• [Work task]: Pictures aside, quote the whole listing exactly.

• [Stored data]:
···
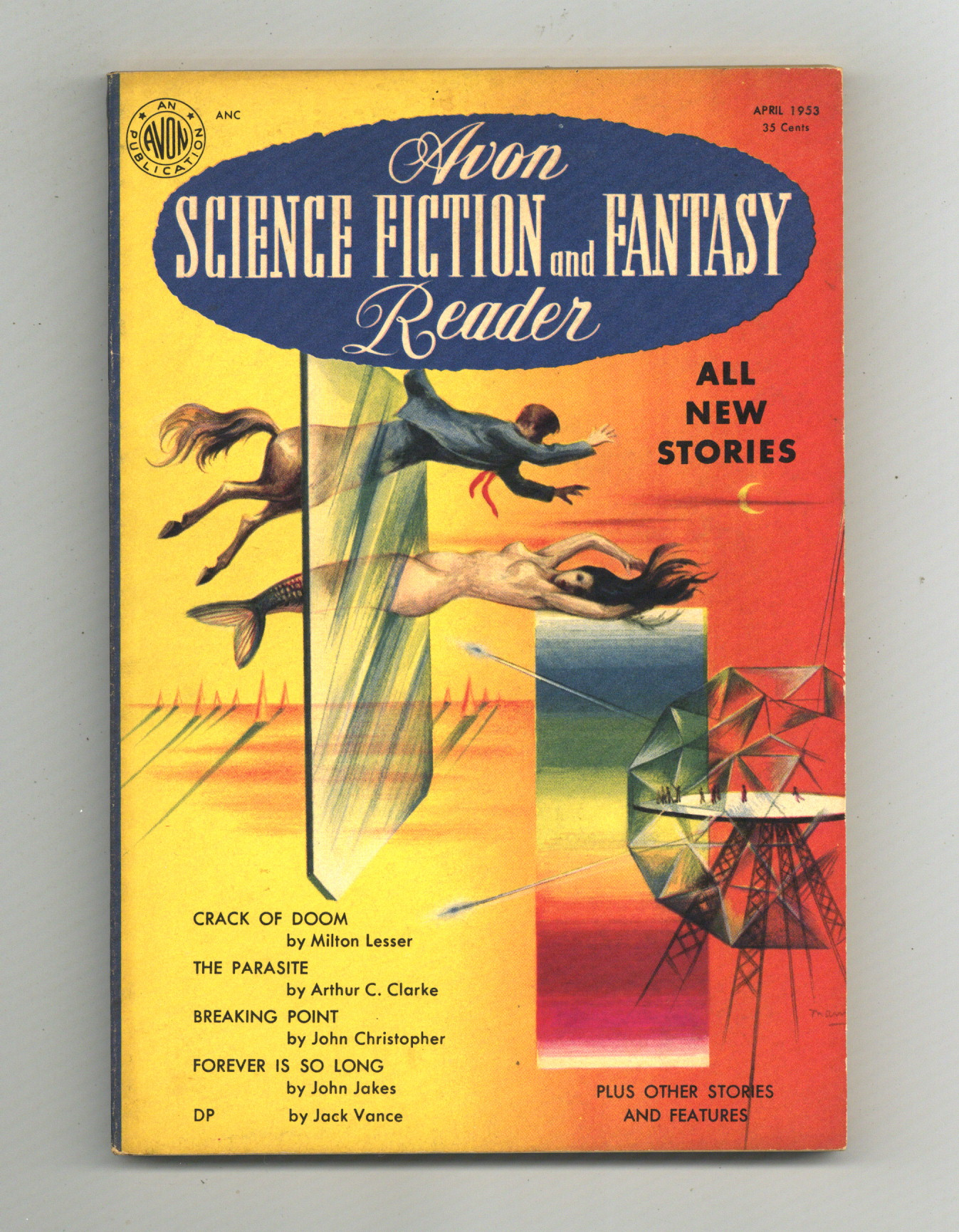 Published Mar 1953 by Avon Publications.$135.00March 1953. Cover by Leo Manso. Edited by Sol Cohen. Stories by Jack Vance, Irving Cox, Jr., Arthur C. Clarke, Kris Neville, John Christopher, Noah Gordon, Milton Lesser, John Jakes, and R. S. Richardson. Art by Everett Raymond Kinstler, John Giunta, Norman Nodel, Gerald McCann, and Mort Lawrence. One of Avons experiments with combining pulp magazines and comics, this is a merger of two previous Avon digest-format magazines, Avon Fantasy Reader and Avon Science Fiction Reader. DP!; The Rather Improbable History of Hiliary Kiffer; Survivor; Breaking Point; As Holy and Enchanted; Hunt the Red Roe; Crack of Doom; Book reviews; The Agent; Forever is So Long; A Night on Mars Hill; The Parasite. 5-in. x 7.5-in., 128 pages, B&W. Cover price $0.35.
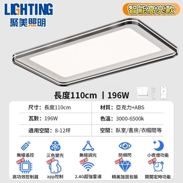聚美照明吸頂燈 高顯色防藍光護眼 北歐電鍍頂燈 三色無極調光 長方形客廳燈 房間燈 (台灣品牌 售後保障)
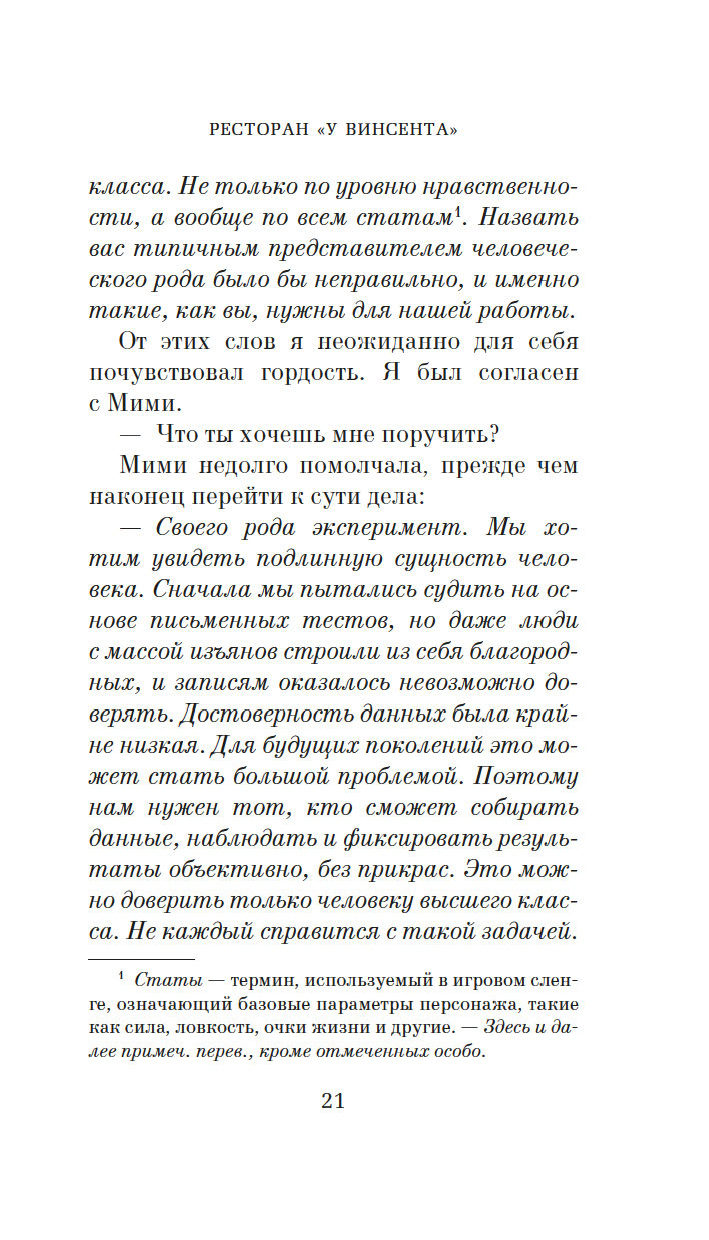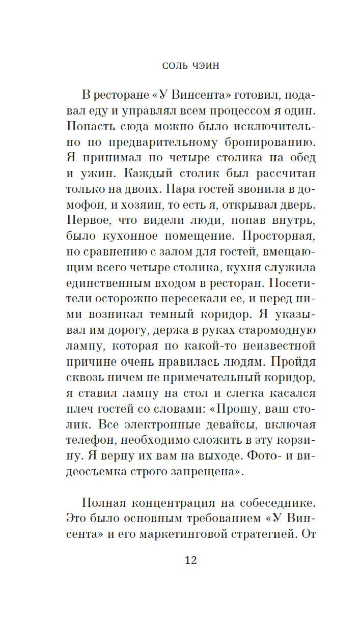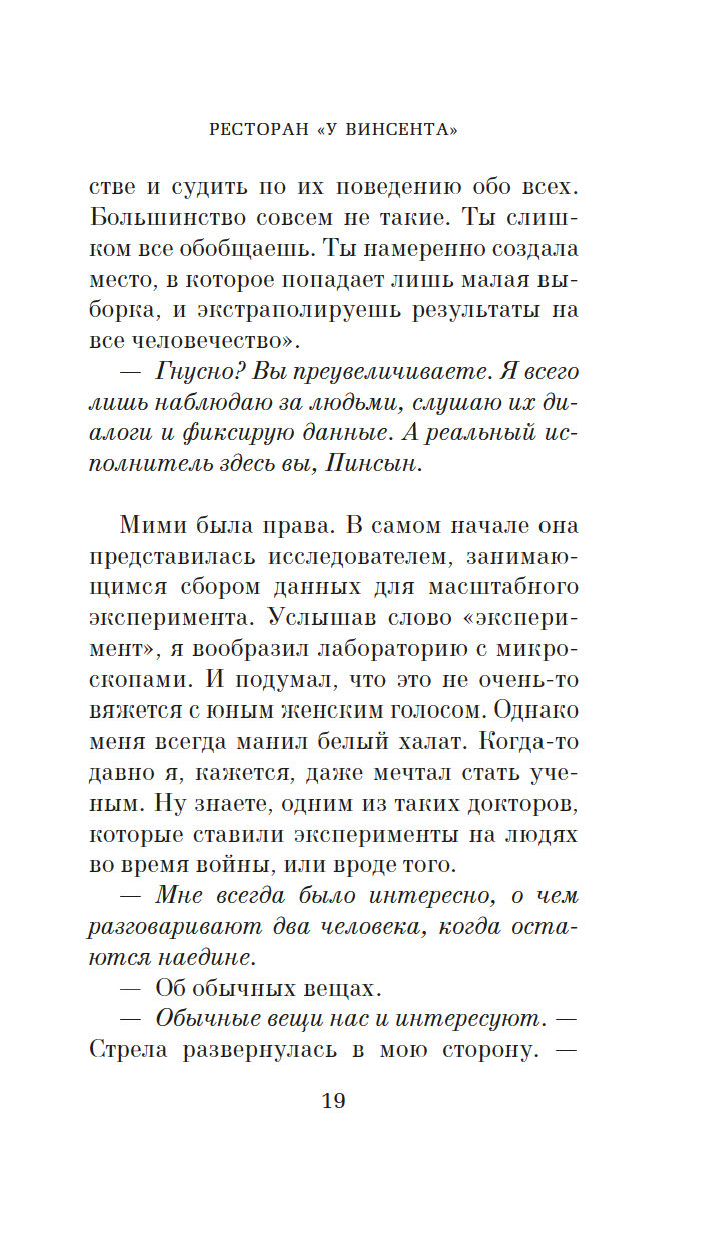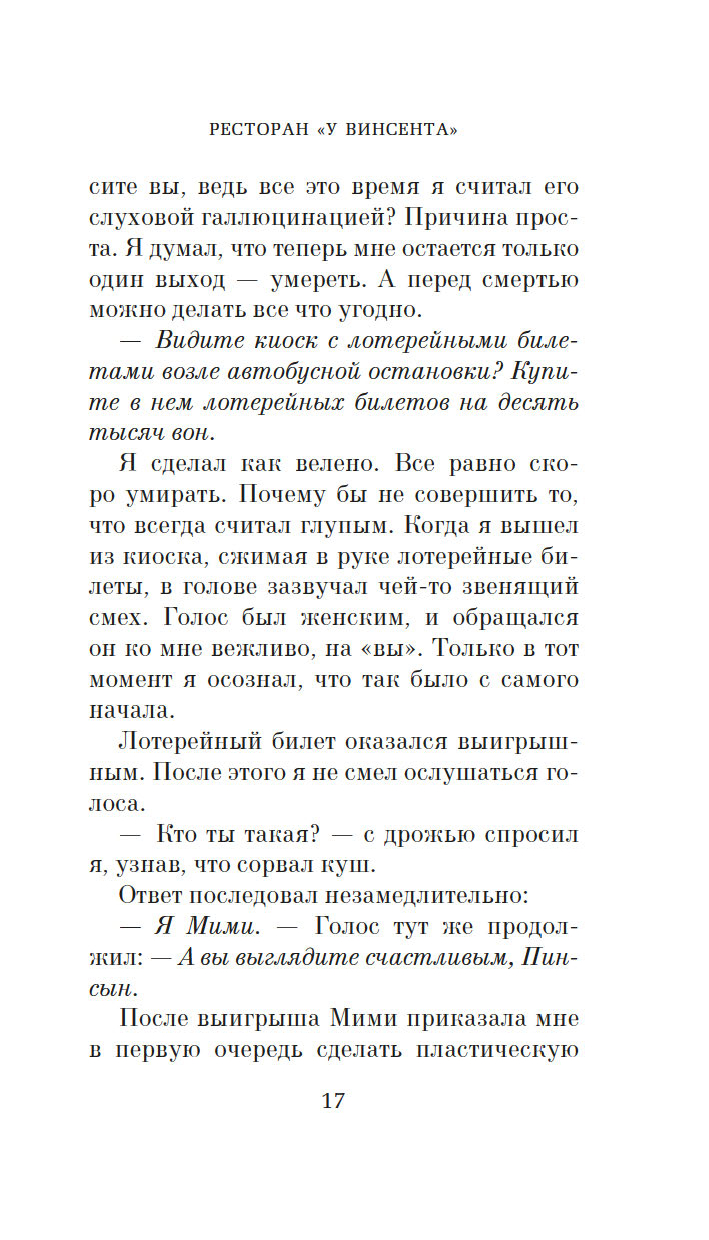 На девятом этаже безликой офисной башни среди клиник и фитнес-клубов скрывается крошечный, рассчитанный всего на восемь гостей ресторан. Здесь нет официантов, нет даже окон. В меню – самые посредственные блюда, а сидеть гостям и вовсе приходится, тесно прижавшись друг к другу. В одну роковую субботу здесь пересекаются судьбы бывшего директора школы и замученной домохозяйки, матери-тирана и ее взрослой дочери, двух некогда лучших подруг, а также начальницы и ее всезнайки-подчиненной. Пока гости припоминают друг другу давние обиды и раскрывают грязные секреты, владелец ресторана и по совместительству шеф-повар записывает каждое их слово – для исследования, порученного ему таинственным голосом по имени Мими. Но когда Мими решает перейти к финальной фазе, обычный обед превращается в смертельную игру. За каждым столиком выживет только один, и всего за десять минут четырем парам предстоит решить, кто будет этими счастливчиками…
···
• [Solution]:
 Published Mar 1953 by Avon Publications.$135.00March 1953. Cover by Leo Manso. Edited by Sol Cohen. Stories by Jack Vance, Irving Cox, Jr., Arthur C. Clarke, Kris Neville, John Christopher, Noah Gordon, Milton Lesser, John Jakes, and R. S. Richardson. Art by Everett Raymond Kinstler, John Giunta, Norman Nodel, Gerald McCann, and Mort Lawrence. One of Avons experiments with combining pulp magazines and comics, this is a merger of two previous Avon digest-format magazines, Avon Fantasy Reader and Avon Science Fiction Reader. DP!; The Rather Improbable History of Hiliary Kiffer; Survivor; Breaking Point; As Holy and Enchanted; Hunt the Red Roe; Crack of Doom; Book reviews; The Agent; Forever is So Long; A Night on Mars Hill; The Parasite. 5-in. x 7.5-in., 128 pages, B&W. Cover price $0.35.
聚美照明吸頂燈 高顯色防藍光護眼 北歐電鍍頂燈 三色無極調光 長方形客廳燈 房間燈 (台灣品牌 售後保障)
 На девятом этаже безликой офисной башни среди клиник и фитнес-клубов скрывается крошечный, рассчитанный всего на восемь гостей ресторан. Здесь нет официантов, нет даже окон. В меню – самые посредственные блюда, а сидеть гостям и вовсе приходится, тесно прижавшись друг к другу. В одну роковую субботу здесь пересекаются судьбы бывшего директора школы и замученной домохозяйки, матери-тирана и ее взрослой дочери, двух некогда лучших подруг, а также начальницы и ее всезнайки-подчиненной. Пока гости припоминают друг другу давние обиды и раскрывают грязные секреты, владелец ресторана и по совместительству шеф-повар записывает каждое их слово – для исследования, порученного ему таинственным голосом по имени Мими. Но когда Мими решает перейти к финальной фазе, обычный обед превращается в смертельную игру. За каждым столиком выживет только один, и всего за десять минут четырем парам предстоит решить, кто будет этими счастливчиками…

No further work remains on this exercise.